Friday, March 30, 2007

Background reading: Polygraph - Automatically Generating Signatures for Polymorphic Worms

The next paper from RAID 2006 I will comment is about manipulating Polygraph. Thus it seemed natural that I looked at the original publication Polygraph: Automatic Signature Generation for Polymorphic Worms (2005).

Polygraph is a program that automatically generates signatures for Polymorphic worms; that are worms that change (obfuscate) their appearance from time to time between attacks. Existing worm blocking solutions (before 2005) assumes that worms have the same content from time to time. Thus it is easy to automatically generate signatures (simple single strings of bytes) that filter out worms. However, this assumption does not apply for polymorphic worms.

Since however, the polymorphic worms are targeting specific vulnerabilities some of the payload must be same between all worms, so Polygraph collects suspicious and innocuous payloads, classified using a simple flow classifier, and then extract content signatures from them. Instead of just extracting one single string of bytes, as in previous algorithms, Polygraph extracts sets of byte sequences.

The extracted byte sequences are used in three different ways for detecting worms :

  • All byte sequences must be present in payload to indicate an worm
  • All byte sequences must be present in correct order to indicate an worm
  • All byte sequences are weighed together using a Naïve Bayes Classifier:
    1. A byte sequence has probability being in a worm or not: P(seq | worm) and P(seq | ~worm)
    2. A score is computed for a payload being a worm were {seq} means all sequences in a payload: score = P({seq} | worm) / P({seq} | ~worm)
    3. Then the score is compared to a threshold and if true, the payload is believed to be an worm: score > tau
To handle the case that there are more than one type of polymorphic worms among the suspicious payloads, Polygraph uses hierarchical clustering of the byte sequences of the payloads.
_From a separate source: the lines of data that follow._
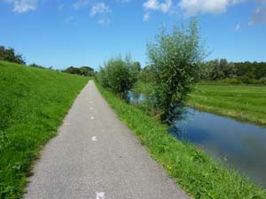 fietspad op de dijk ligt aanzienlijk hoger dan het land |
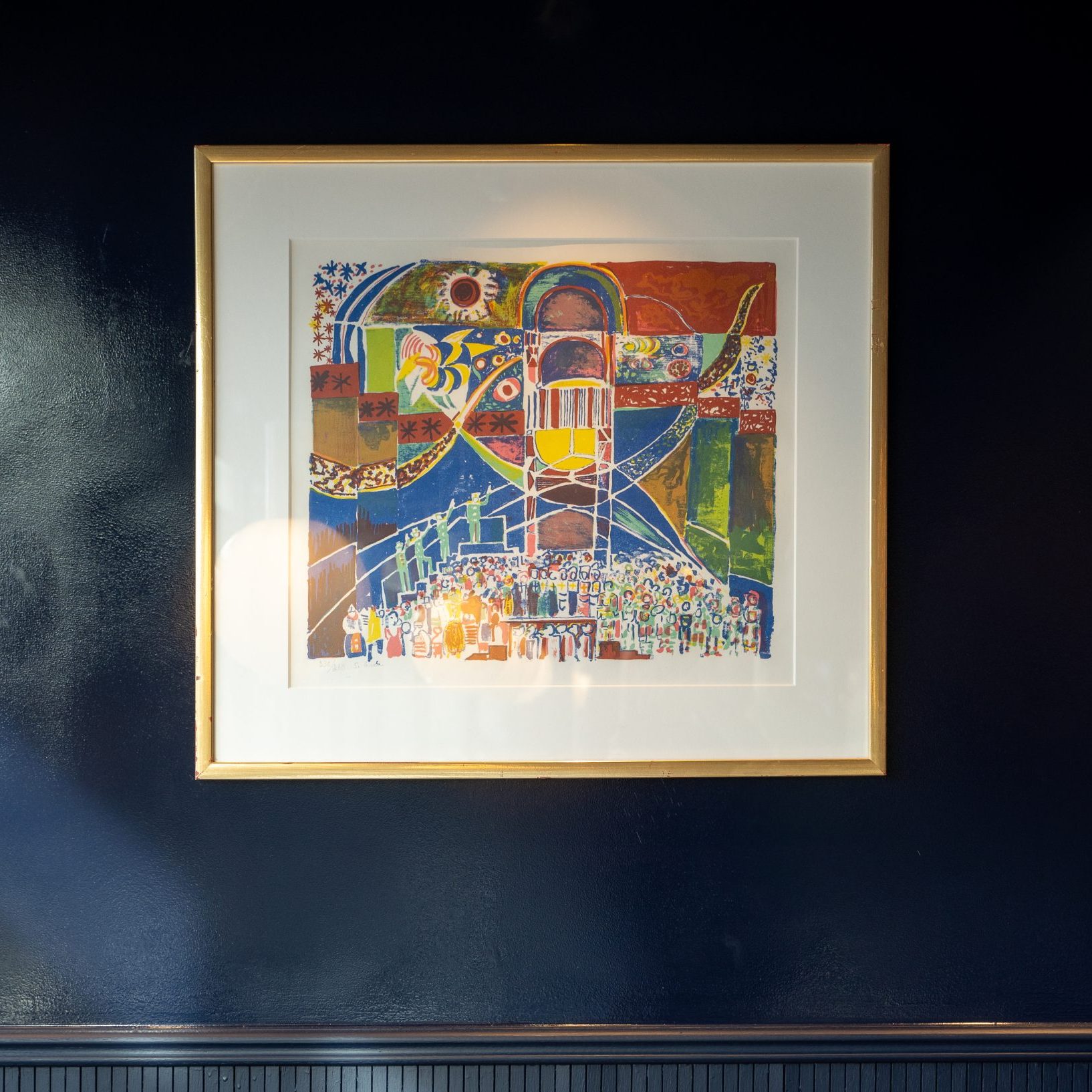 Tavlan “Ljusårssalen” (ur Aniara) av Sven X:et Erixson, som hänger på Gondolen, är ett livfullt och färgstarkt verk. Erixson var en pionjär inom modernt svenskt måleri och i tavlan ser vi en samling människor i en kosmisk miljö, vilket ger en känsla av både närhet och oändlighet. Motivet återkommer också i mattan som löper genom Gondolens matsal, vilket skapar en harmonisk helhet.
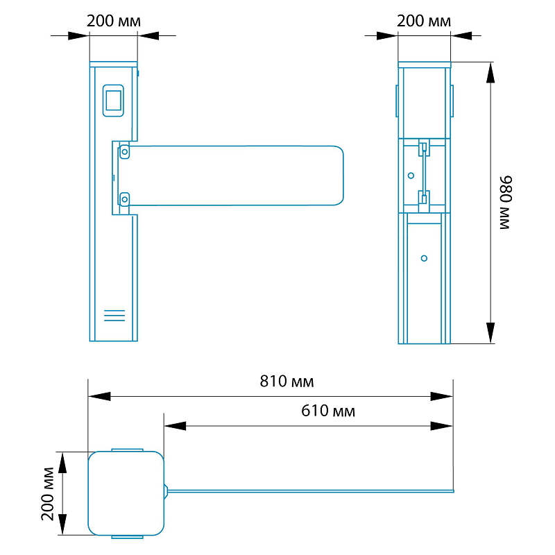 Внешние габариты (мм) ДхШхВ: 200х200х980
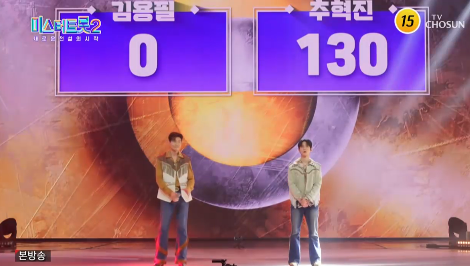 마지막 무대는 카우보이로 깜짝 변신한 김용필, 추혁진이 문희옥의 '평행선'으로 초특급 댄스 트롯 무대를 선보였습니다. 하지만 강력한 우승후보로 꼽히던 김용필이 예상치 못한 실수를 하며 추혁진에 완패했고 추혁진은 강력한 뒷심으로 대이변의 주인공이 됐습니다.
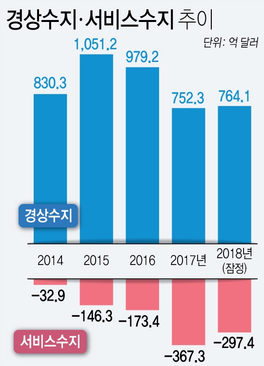 서비스수지는 역대 두번째로 적자 폭이 컸다. 사드(THAAD·고고도미사일방어체계) 보복 조치에 따른 중국인 관광객 감소 충격에서 회복되는 속도가 더딘 탓이다.
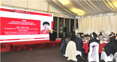 On January 20, All in Print China Shanghai Spring Festival Gala Dinner & Information Communication Meeting drew to a complete close on the beautiful bank of Huangpu River. More than 70 people attended this meeting, including Mrs. Wang Yanbin (Director General of Department of Printing and Distribution, State Administration of Press, Publication, Radio, Film and Television of the People's Republic of China , President of the Printing Technology Association of China), Mr. Lu Zhou (Chief of Printing & Duplicating Division, Department of Printing and Distribution, State Administration of Press, Publication, Radio, Film and Television of the People's Republic of China), Mrs. Chen Yan (President of China Academy of Printing Technology and Vice President & Secretary General of the Printing Technology Association of China), Mr. Heiko M. Stutzinger (Vice General Manager of Messe Düsseldorf (Shanghai) Co., Ltd.), Mr. Li Xinli (President of Shanghai Printing Industry Association), Mr. Chen Bin (President of Shanghai Publishing and Printing College), Mr. Zhou Jianping (Director of Printing Department, Shanghai Administration of Press, Publication, Radio Film and Television), leaders of Shanghai Digital Printing Association and Pudong Printing Association, leaders of famous printing enterprises like Jielong, Xiaolin Printing and Kaixin Printing, and senior managers of over 50 suppliers represented by Xiaosen, Manroland, Synnex Group, Shanghai Yoco, Goss China, Fujifilm, Fuji Xerox, Konica Minolta, Ricoh, NetScreen, EFI, Sun, DuPont, Siegwerk, Pinghu Bindex and Print Home.
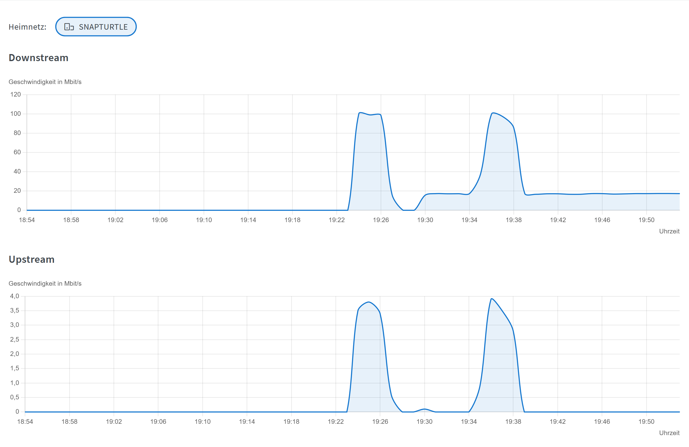 Der Downstream ist in Fritzbox und DSM gleich, jedoch ist der Upstream im DSM ~500 kbyte/s und
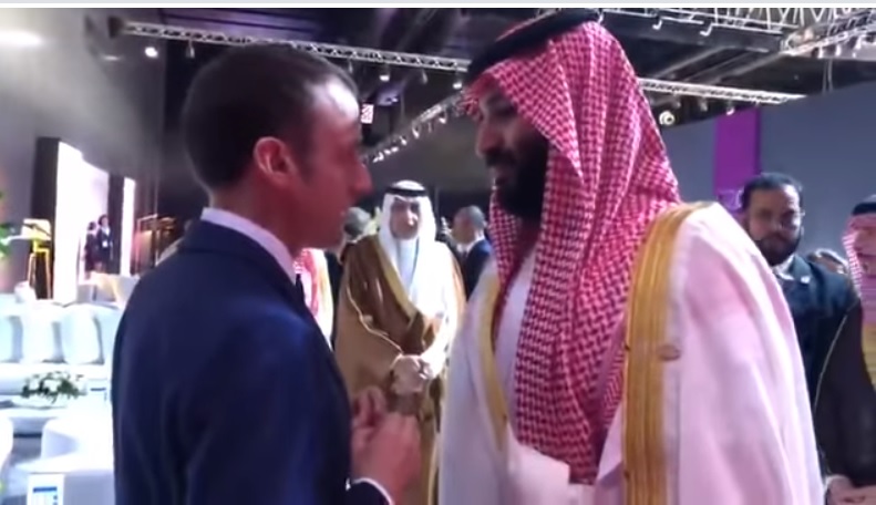 ويوثق الفيديو حديث الرجلين وهما متقاربان، ويظهر فيه ماكرون مبتسما لكنه صارم وهو ينظر مباشرة في عيني ولي العهد السعودي متوجها إليه بانتقادات، على ما يبدو من الشريط، فيما يقف الأمير محمد يومئ برأسه مصدقا على كلمات الرئيس الفرنسي ومبتسما في أحيان كثيرة.
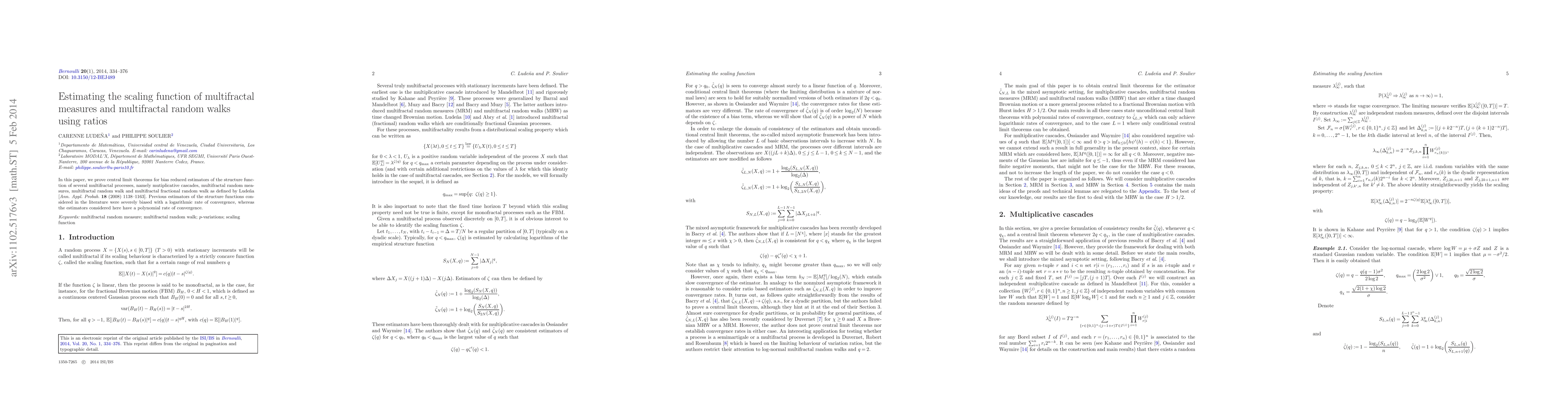 In this paper, we prove central limit theorems for bias reduced estimators of the structure function of several multifractal processes, namely mutiplicative cascades, multifractal random measures, multifractal random walk and multifractal fractional random walk as defined by Lude\~{n}a [Ann. Appl. Probab. 18 (2008) 1138-1163]. Previous estimators of the structure functions considered in the literature were severely biased with a logarithmic rate of convergence, whereas the estimators considered here have a polynomial rate of convergence.

The sequences are merged into clusters by minimizing the false positives tested of the innocuous payloads.

Comment: First of all I think this an interesting paper, since I have a background in machine learning and Bayesian learning. However, the learning algorithms could probably be improved, for instance, by applying a more fully Bayesian approach than the used Naïve Bayes Classifier.

In addition I found an interesting comment at
Mohit's security blog: IPS algorithms... that is as follows:
Most signatures in good products are vulnerability based so even if you change the attack it still gets stopped.
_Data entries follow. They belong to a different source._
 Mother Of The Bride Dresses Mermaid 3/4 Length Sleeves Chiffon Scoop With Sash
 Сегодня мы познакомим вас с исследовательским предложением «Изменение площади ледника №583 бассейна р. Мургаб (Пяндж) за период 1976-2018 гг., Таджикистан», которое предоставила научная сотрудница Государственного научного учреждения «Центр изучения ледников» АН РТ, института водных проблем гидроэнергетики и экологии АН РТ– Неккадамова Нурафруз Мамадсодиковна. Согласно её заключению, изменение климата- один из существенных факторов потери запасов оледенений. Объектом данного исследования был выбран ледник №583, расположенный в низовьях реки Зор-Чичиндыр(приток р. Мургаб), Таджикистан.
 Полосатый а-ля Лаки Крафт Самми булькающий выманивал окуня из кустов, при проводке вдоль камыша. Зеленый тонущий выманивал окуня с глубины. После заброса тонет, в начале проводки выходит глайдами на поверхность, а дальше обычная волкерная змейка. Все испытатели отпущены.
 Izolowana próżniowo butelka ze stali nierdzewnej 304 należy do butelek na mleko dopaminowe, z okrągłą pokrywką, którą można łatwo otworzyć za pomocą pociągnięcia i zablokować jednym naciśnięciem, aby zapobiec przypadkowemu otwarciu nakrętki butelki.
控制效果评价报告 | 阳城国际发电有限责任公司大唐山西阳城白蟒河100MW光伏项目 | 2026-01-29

Thus, Polygraph might not be needed! Or what should we believe?

4 comments:

Anonymous said...

I can't comment on whether good products use vulnerability- or exploit- based signatures, but one advantage of Polygraph is that it AUTOMATICALLY generates signatures, whereas COTS products typically rely on manual generation of signatures (by human experts.) The manual generation takes significantly longer (hours to days) than the automated approaches. The faster you can get a signature out, the sooner the worm is stopped.

Tomas said...

Yes, that is true. But when creating signatures only based on exploits, we do not stop new attacks targeting the same vulnerability. However, when a vulnerability is unknown this might be a good solution.